米、量的緩和を長期化=ゼロ金利政策据え置き―FRB 2020年12月17日

 【ワシントン時事】米国の中央銀行に当たる連邦準備制度理事会(FRB)は16日の連邦公開市場委員会(FOMC)で、米国債などを買い入れる量的緩和策を「雇用最大化と物価安定の目標へ十分に前進するまで続ける」方針を決めた。焦点だった拡充を見送る一方、金融緩和の長期継続を約束し、新型コロナウイルス感染再拡大で減速感が強まる景気を下支えする。

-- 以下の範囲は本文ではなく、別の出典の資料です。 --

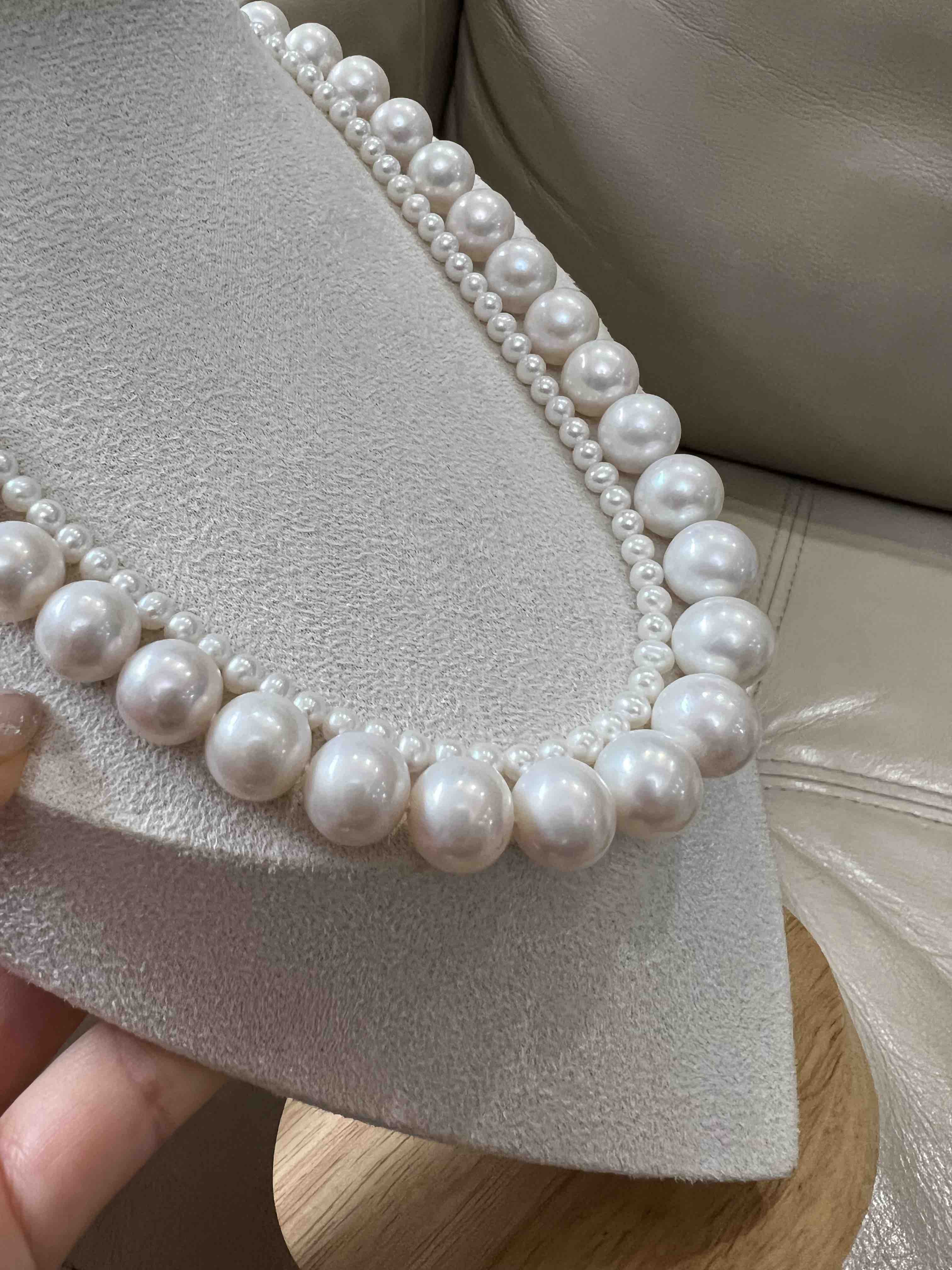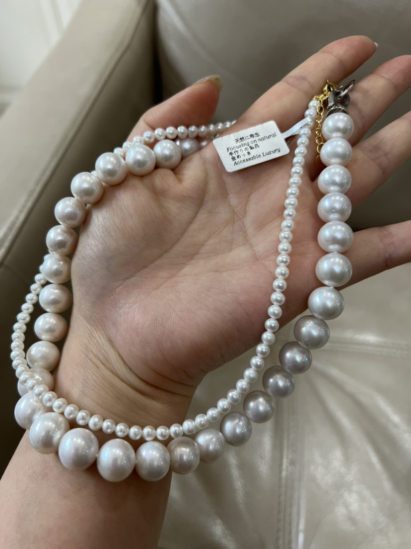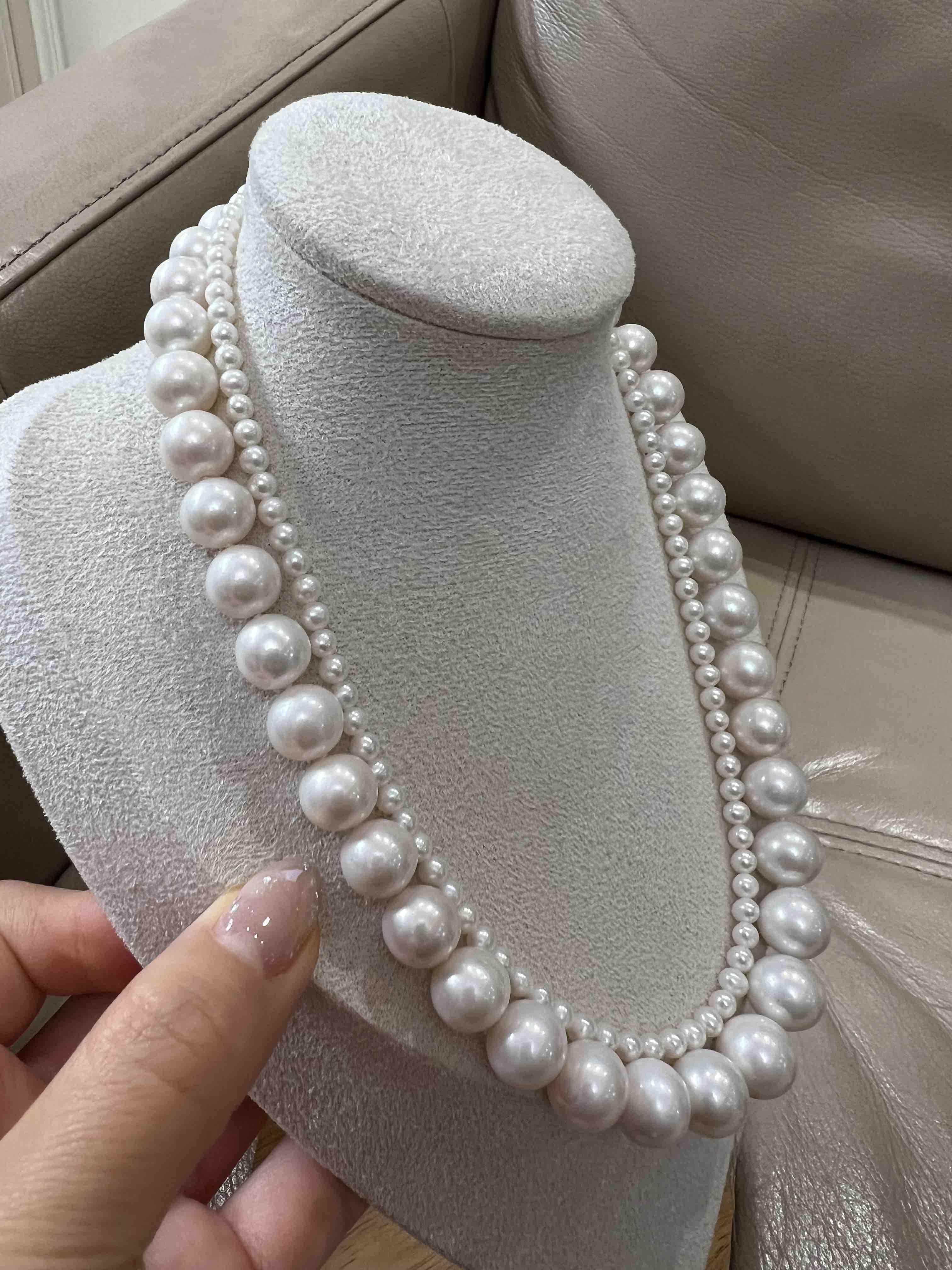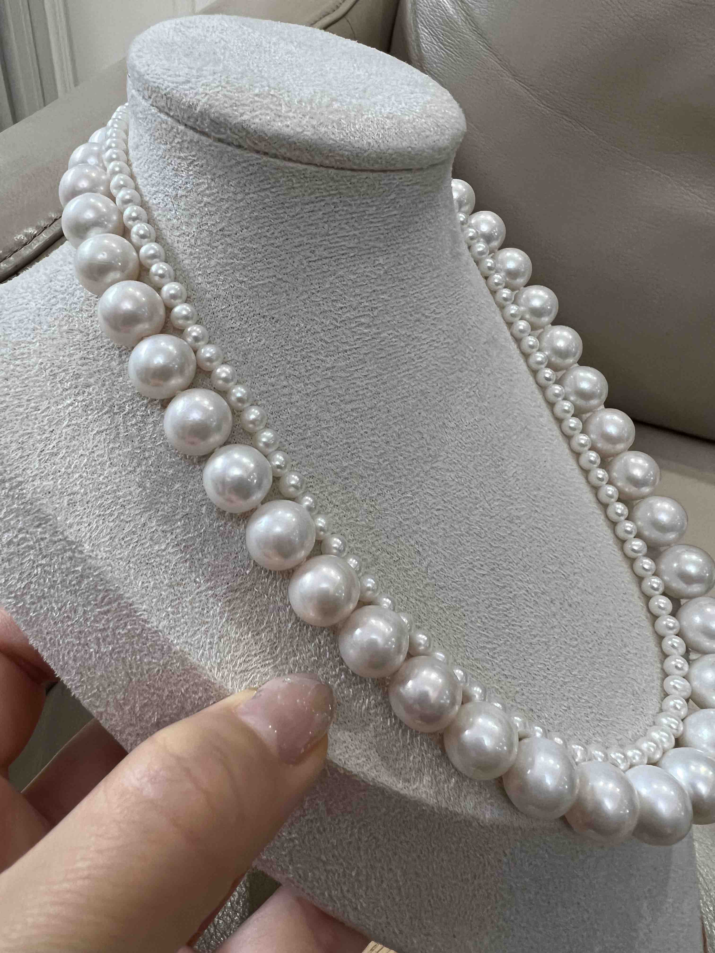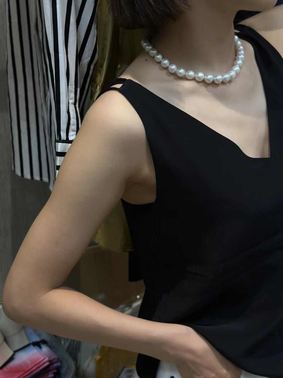 这种稀缺大珠珠,真的很少见了。不是随随便便的淡水珠都能澳白平替,它替不了。这条的优点在于,有澳白的冷光,就显得分外高级。光泽度很好,微瑕真的社交距离完全看不出。

 会合後の声明は「景気は改善が続いたが年初の水準を大きく下回っている」との認識を踏襲した。政策金利は年0~0.25%に据え置き、量的緩和策で購入する米国債などの規模は月額計1200億ドル(約12兆円)のペースを維持する。決定は全会一致。
 パウエル議長は記者会見で、コロナ再拡大に強い懸念を示した上で、ワクチンの普及に「大きな試練と不確実性がある」と指摘。これまで「今後数カ月間」としていた量的緩和について、より長く続ける方針を明確に示したことは、「景気を下支えする強力なメッセージだ」と強調した。景気が悪化すれば、追加緩和も辞さない姿勢をのぞかせた。
 同時公表した政策金利見通しは、ゼロ金利が少なくとも2023年末まで続くとの中心シナリオが据え置かれた。23年末までに利上げを見込んだ参加者は17人のうち5人と、前回9月から1人増えただけにとどまり、ワクチン普及をめぐる景気への影響を慎重に見ていることが示された。